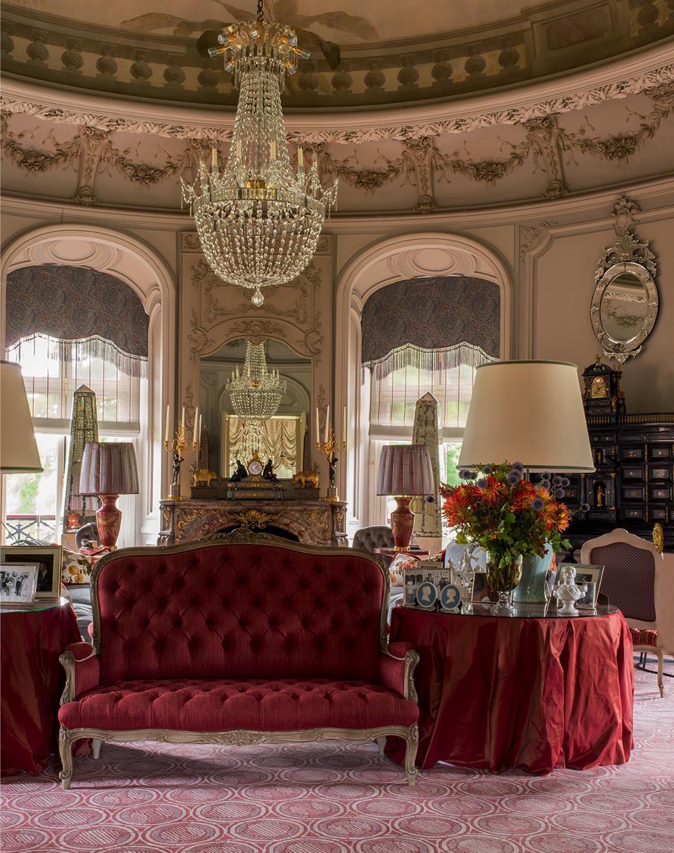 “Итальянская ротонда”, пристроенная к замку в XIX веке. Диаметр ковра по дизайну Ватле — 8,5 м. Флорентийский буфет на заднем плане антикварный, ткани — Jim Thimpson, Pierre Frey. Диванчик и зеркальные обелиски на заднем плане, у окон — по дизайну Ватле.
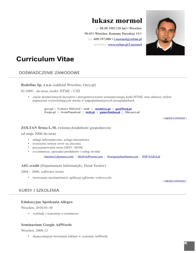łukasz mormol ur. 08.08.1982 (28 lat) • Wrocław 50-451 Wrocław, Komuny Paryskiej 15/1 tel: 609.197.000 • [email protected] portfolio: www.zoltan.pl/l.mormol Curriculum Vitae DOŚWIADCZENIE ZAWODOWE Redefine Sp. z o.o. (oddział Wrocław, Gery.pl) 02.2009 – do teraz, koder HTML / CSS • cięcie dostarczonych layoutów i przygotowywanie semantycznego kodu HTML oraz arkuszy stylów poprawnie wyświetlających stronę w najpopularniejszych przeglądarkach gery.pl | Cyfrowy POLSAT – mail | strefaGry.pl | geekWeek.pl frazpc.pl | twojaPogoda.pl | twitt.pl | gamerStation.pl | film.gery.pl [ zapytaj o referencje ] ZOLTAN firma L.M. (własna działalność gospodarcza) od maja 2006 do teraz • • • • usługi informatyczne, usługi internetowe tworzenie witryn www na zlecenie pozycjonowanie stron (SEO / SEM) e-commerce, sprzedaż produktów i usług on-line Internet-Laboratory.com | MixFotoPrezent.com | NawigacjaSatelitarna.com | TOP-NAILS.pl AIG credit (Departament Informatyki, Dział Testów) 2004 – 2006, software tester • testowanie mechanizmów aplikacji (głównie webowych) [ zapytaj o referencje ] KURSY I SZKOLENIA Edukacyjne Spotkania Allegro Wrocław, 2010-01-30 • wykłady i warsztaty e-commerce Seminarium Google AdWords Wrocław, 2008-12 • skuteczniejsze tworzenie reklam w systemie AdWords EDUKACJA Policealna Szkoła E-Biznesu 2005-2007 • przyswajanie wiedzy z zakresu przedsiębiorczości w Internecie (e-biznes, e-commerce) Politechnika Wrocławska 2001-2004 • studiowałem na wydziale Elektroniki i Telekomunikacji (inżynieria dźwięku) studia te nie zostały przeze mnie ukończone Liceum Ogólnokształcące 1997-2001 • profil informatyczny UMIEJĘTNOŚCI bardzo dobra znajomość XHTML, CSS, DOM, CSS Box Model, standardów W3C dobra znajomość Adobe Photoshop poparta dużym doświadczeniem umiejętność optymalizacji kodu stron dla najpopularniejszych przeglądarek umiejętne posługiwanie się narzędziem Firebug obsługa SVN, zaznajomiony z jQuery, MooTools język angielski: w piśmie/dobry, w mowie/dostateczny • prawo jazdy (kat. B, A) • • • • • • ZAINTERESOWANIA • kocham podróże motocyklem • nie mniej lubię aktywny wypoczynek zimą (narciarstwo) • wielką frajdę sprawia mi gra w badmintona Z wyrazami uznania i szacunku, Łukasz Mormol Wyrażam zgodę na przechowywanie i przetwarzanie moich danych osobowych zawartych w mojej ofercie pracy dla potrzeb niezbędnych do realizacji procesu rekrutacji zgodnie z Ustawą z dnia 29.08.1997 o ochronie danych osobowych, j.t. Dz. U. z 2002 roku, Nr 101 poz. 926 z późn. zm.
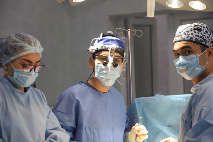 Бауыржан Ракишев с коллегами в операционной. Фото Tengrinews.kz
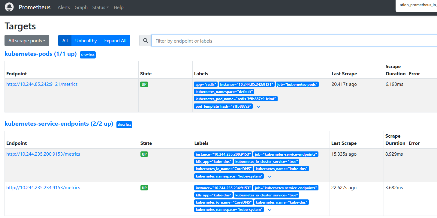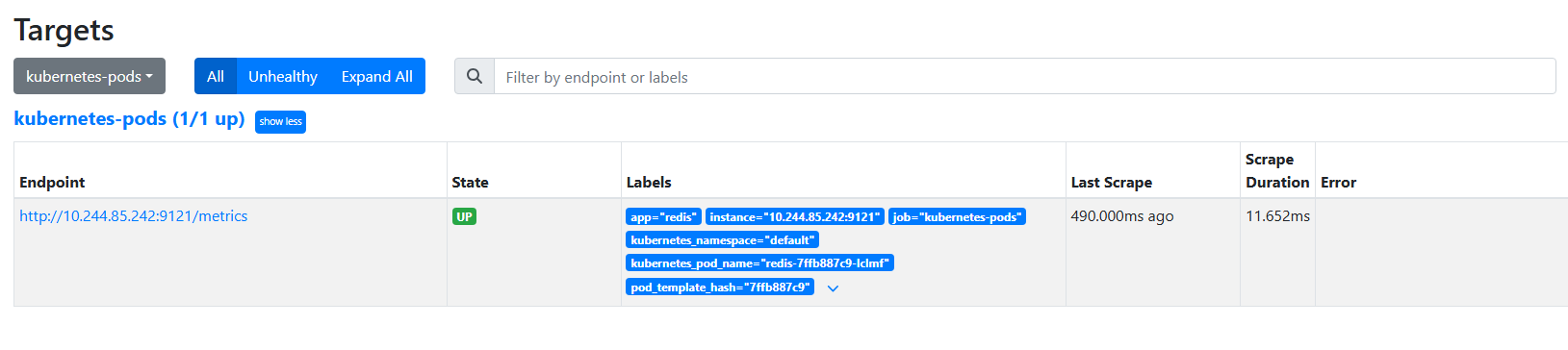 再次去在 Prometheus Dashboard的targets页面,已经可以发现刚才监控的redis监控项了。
# # # # #
Assigned task: Give the listing again word for word. Skip any pictures.

Output of the task:
 “Итальянская ротонда”, пристроенная к замку в XIX веке. Диаметр ковра по дизайну Ватле — 8,5 м. Флорентийский буфет на заднем плане антикварный, ткани — Jim Thimpson, Pierre Frey. Диванчик и зеркальные обелиски на заднем плане, у окон — по дизайну Ватле.
łukasz mormol ur. 08.08.1982 (28 lat) • Wrocław 50-451 Wrocław, Komuny Paryskiej 15/1 tel: 609.197.000 • [email protected] portfolio: www.zoltan.pl/l.mormol Curriculum Vitae DOŚWIADCZENIE ZAWODOWE Redefine Sp. z o.o. (oddział Wrocław, Gery.pl) 02.2009 – do teraz, koder HTML / CSS • cięcie dostarczonych layoutów i przygotowywanie semantycznego kodu HTML oraz arkuszy stylów poprawnie wyświetlających stronę w najpopularniejszych przeglądarkach gery.pl | Cyfrowy POLSAT – mail | strefaGry.pl | geekWeek.pl frazpc.pl | twojaPogoda.pl | twitt.pl | gamerStation.pl | film.gery.pl [ zapytaj o referencje ] ZOLTAN firma L.M. (własna działalność gospodarcza) od maja 2006 do teraz • • • • usługi informatyczne, usługi internetowe tworzenie witryn www na zlecenie pozycjonowanie stron (SEO / SEM) e-commerce, sprzedaż produktów i usług on-line Internet-Laboratory.com | MixFotoPrezent.com | NawigacjaSatelitarna.com | TOP-NAILS.pl AIG credit (Departament Informatyki, Dział Testów) 2004 – 2006, software tester • testowanie mechanizmów aplikacji (głównie webowych) [ zapytaj o referencje ] KURSY I SZKOLENIA Edukacyjne Spotkania Allegro Wrocław, 2010-01-30 • wykłady i warsztaty e-commerce Seminarium Google AdWords Wrocław, 2008-12 • skuteczniejsze tworzenie reklam w systemie AdWords EDUKACJA Policealna Szkoła E-Biznesu 2005-2007 • przyswajanie wiedzy z zakresu przedsiębiorczości w Internecie (e-biznes, e-commerce) Politechnika Wrocławska 2001-2004 • studiowałem na wydziale Elektroniki i Telekomunikacji (inżynieria dźwięku) studia te nie zostały przeze mnie ukończone Liceum Ogólnokształcące 1997-2001 • profil informatyczny UMIEJĘTNOŚCI bardzo dobra znajomość XHTML, CSS, DOM, CSS Box Model, standardów W3C dobra znajomość Adobe Photoshop poparta dużym doświadczeniem umiejętność optymalizacji kodu stron dla najpopularniejszych przeglądarek umiejętne posługiwanie się narzędziem Firebug obsługa SVN, zaznajomiony z jQuery, MooTools język angielski: w piśmie/dobry, w mowie/dostateczny • prawo jazdy (kat. B, A) • • • • • • ZAINTERESOWANIA • kocham podróże motocyklem • nie mniej lubię aktywny wypoczynek zimą (narciarstwo) • wielką frajdę sprawia mi gra w badmintona Z wyrazami uznania i szacunku, Łukasz Mormol Wyrażam zgodę na przechowywanie i przetwarzanie moich danych osobowych zawartych w mojej ofercie pracy dla potrzeb niezbędnych do realizacji procesu rekrutacji zgodnie z Ustawą z dnia 29.08.1997 o ochronie danych osobowych, j.t. Dz. U. z 2002 roku, Nr 101 poz. 926 z późn. zm.
 Бауыржан Ракишев с коллегами в операционной. Фото Tengrinews.kz
 再次去在 Prometheus Dashboard的targets页面,已经可以发现刚才监控的redis监控项了。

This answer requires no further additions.